The LogSumExp trick is then used to calculate the normalization term, after which the original (unmodified) target log is subtracted to obtain the correct loss. This method avoids overflow, overflow, and NaN gradients, and shows how cross-entropy is used in production-grade deep learning applications. Check it out FULL CODES here.

def stable_cross_entropy(logits, targets):

    # Find max logit per sample
    max_logits, _ = torch.max(logits, dim=1, keepdim=True)

    # Shift logits for numerical stability
    shifted_logits = logits - max_logits

    # Compute LogSumExp
    log_sum_exp = torch.log(torch.sum(torch.exp(shifted_logits), dim=1)) + max_logits.squeeze(1)

    # Compute loss using ORIGINAL logits
    loss = log_sum_exp - logits[torch.arange(len(targets)), targets]

    return loss.mean()

Stable Forward and Backward Pass

Running a stable cross-entropy implementation on the extreme logarithm produces finite losses with well-defined gradients. Even if one sample contains very large values (1000 and -1000), the LogSumExp structure keeps all average calculations in a safe numerical range. As a result, the backpropagation completes successfully without generating NaNs, and each stage receives a logical gradient signal.

This confirms that the previously observed instabilities were not caused by the data itself, but by the arbitrary separation of Softmax and cross-entropy—a problem fully solved by using a stable, numerically integrated loss formulation. Check it out FULL CODES here.

logits = torch.tensor([
    [2.0, 1.0, 0.1],
    [1000.0, 1.0, -1000.0],
    [3.0, 2.0, 1.0]
], requires_grad=True)

targets = torch.tensor([0, 2, 1])

loss = stable_cross_entropy(logits, targets)
print("Stable loss:", loss)

loss.backward()
print("nGradients:")
print(logits.grad)

The conclusion

In fact, the gap between mathematical formulas and real-world code is where most training failures come from. Although Softmax and cross-entropy are mathematically well-defined, their arbitrary implementation ignores the limited accuracy limits of IEEE 754 hardware, making overflow and overflow inevitable.
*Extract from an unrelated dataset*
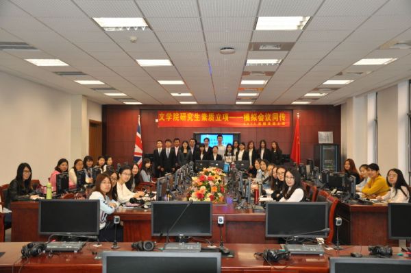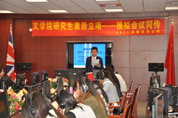 4月22日上午9点,天津大学外国语言与文学学院2015级翻译硕士班在33教学楼同声传译实验室开展研究生素质立项系列活动模拟会议同传。
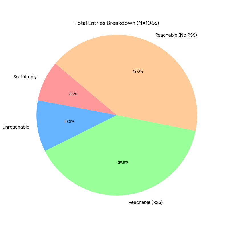 The site collected data for about half a year before some issues with the Firebase configuration it was initialized with. I a) did not care so much and b) had such a big list already compiled that I never fixed that. So, the pulls came to a halt, and the site froze with a list of 1066 websites, which is still accessible.

Fixing the key is simple but critical: change logs before exposure and work on log background whenever possible. Most importantly, training rarely requires clear opportunities—sustainable entry opportunities are sufficient and very safe. When a loss suddenly turns into NaN in production, it’s usually a signal that Softmax is being manually computed in a place it shouldn’t be.

Check it out FULL CODES here. Also, feel free to follow us Twitter and don’t forget to join our 100k+ ML SubReddit and Subscribe to Our newspaper. Wait! are you on telegram? now you can join us on telegram too.

Check out our latest issue of ai2025.deva 2025-focused analytics platform that transforms model implementations, benchmarks, and ecosystem activity into structured datasets that you can sort, compare, and export

I am a Civil Engineering Graduate (2022) from Jamia Millia Islamia, New Delhi, and I am very interested in Data Science, especially Neural Networks and its application in various fields.